Application uptime is typically defined as a percentage of time application has been available and performing within expectations, i.e. with response times below predefined thresholds. Application downtime may be caused by factors such as:
- hardware failures
- software bugs
- application load exceeding system capacity
Managing uptime involves preventing downtime events from occurring, and if they do occur recovering from them in a timely manner. Methods for increasing uptime involve:
- infrastructure redundancy, duplicating (at a minimum) all infrastructure components
- load balancing of components which can handle a subset of the application load, e.g. application servers
- automatic or manual failover of components which are single points of failure, such as a master SQL database server
- multiple, geographically distributed data centers to handle disaster scenarios
- frequent backups and ability to restore backups rapidly
- ability to replace failed components quickly
- application architected for scalability
- ability to add hardware when needed
Many of these are very easy to accomplish in cloud deployments, in many cases easier and less expensive than when using alternatives such as managed hosting or building your own data center. When running application on EC2 you can easily:
- implement server redundancy and load balacing
- rapidly replace or add more servers – manually or automatically
- configure infrastructure to be distributed across multiple zones and regions
- frequently backup data to S3
Cloud deployments also have some challenges:
- cloud servers are more fragile than dedicated servers
- when they go down any data stored locally is gone
- many failover techniques are not available. For example one of the common ways of managing a MySQL database uptime is setting up a cluster using DRBD and Hartbeat. You simply cannot implement this on EC2.
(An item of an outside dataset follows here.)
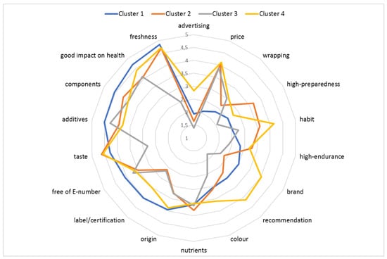 Finally, 4 clusters could be separated according to the abovementioned on the basis of the factor analysis. The most important characteristic of members of Cluster 1 (N = 59) (Figure 6) that the price of organic food influences them to the least extent as compared to the other segments’ members. The freshness and good health impact of food are very important for them. They seem very health-conscious consumers, who are inclined to pay higher prices for quality and healthy food. They try to buy as much healthier food as they can (Health conscious). Freshness and a good impact on health are the most important motives for them. Price and advertisement have the least influence on their purchase decisions. They also try to buy as healthy food as they can and think the food is full of harmful components. As a consequence of this, they select carefully the source of purchase and they do not trust in food sold in food stores and judge poorly the performance of the authority. Freshness, taste, and food components are the most important motives in the second segment of the consumers, Cluster 2 (N = 88) (Figure 6). They chose organic food because they are disappointed by conventional food. They pay much attention to where they buy food and think that food is full of harmful components. These are the most influencing factor in their attitude (Disappointed). Members in Cluster 3 (N = 21) (Figure 6) choose organic food because of its favorable health effect, but they pay attention to the price also. They have a fear of additives, so the most influencing motive for them is that the food should not contain additives (Safe and free food eaters). They do not trust in food sold in the food stores and judge poorly the performance of the authority as the members of Cluster 1.
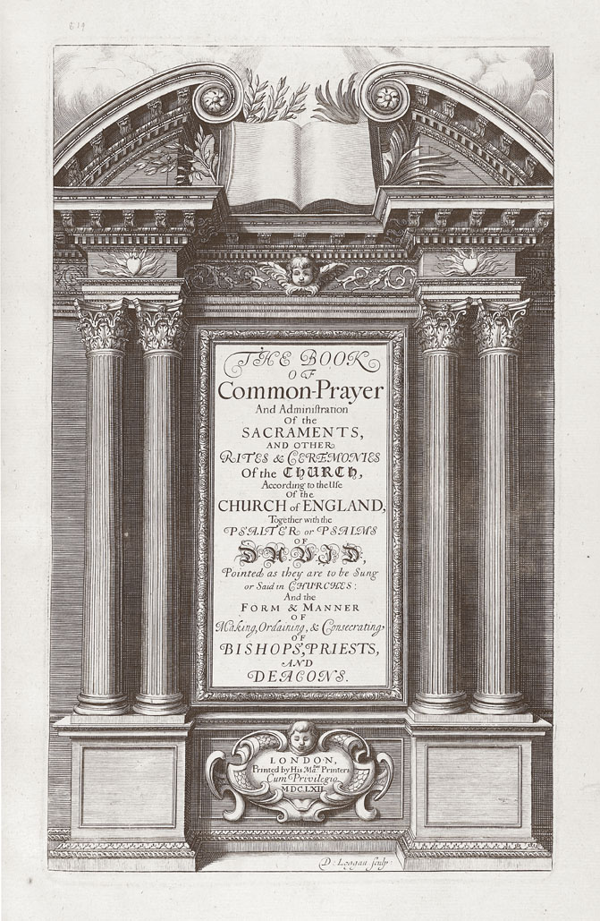 The book of common-prayer and administration of the sacraments, and other rites & ceremonies of the Church of England … Title within an engraved architectural border by David Loggan, but without the frontis. by Hollar, Black Letter, woodcut initials, later full sprinkled calf, covers panelled with gilt filets with crown ornaments at the corners, spine decorated gilt in compartments, red morocco lettering pieces, inner gilt doublures, a.e.g., by Bedford, London: His Majesties Printers, 1662

You can architect solutions around challenges 1 and 2 above. Limited automatic failover options can create a problem for applications with a very high uptime requirements.
We are working with RightScale and following a fairly standard web architecture outlined in the diagram below.
All servers are duplicated across two availability zones. Application servers are set up to automatically scale up and down depending on the load. Database is replicated and backed up frequently.
Impact of the various failure scenarios, with this architecture in place, is outlined below:
|Application server||None||Launch new server.||None|
|Memcached server||Performance degradation||Launch new server.||None|
|Database slave||None||Launch new server.||None|
|Database master||Application down||Promote slave to master. Launch new database slave server.||< 5 min|
|Load balancer||We are using round-robin DNS load balancing. Application will appear down to 50% of the traffic.||Launch new server.||< 15 min|
|Entire zone||This is equivalent to loosing a load balancer and a database server.||Promote slave to master (if the master is down). Launch new servers.||< 15 min|
What this architecture does not handle is a simultaneous failure of both zones or the entire region. It could be improved by:
- running servers in more than 2 zones
- setting up servers in an alternative region and data replication to that region
- configuring a disaster recovery site on an alternative cloud
You can find descriptions of even more robust architectures in post such as Lessons Netflix Learned from the AWS Outage and Why Twilio Wasn’t Affected by Today’s AWS Issues. The tradeoffs are better uptime at a higher engineering cost.
Architecting for uptime is not about maximizing uptime. It is about finding a right balance between the business costs of downtime, acceptable level of risk and engineering costs of reducing the downtime risks. For some applications, with a very high uptime requirements, cloud may not be the right solution. For many applications, you can meet uptime requirements on EC2 with a level of effort, timelines and costs which are hard to match by the alternatives.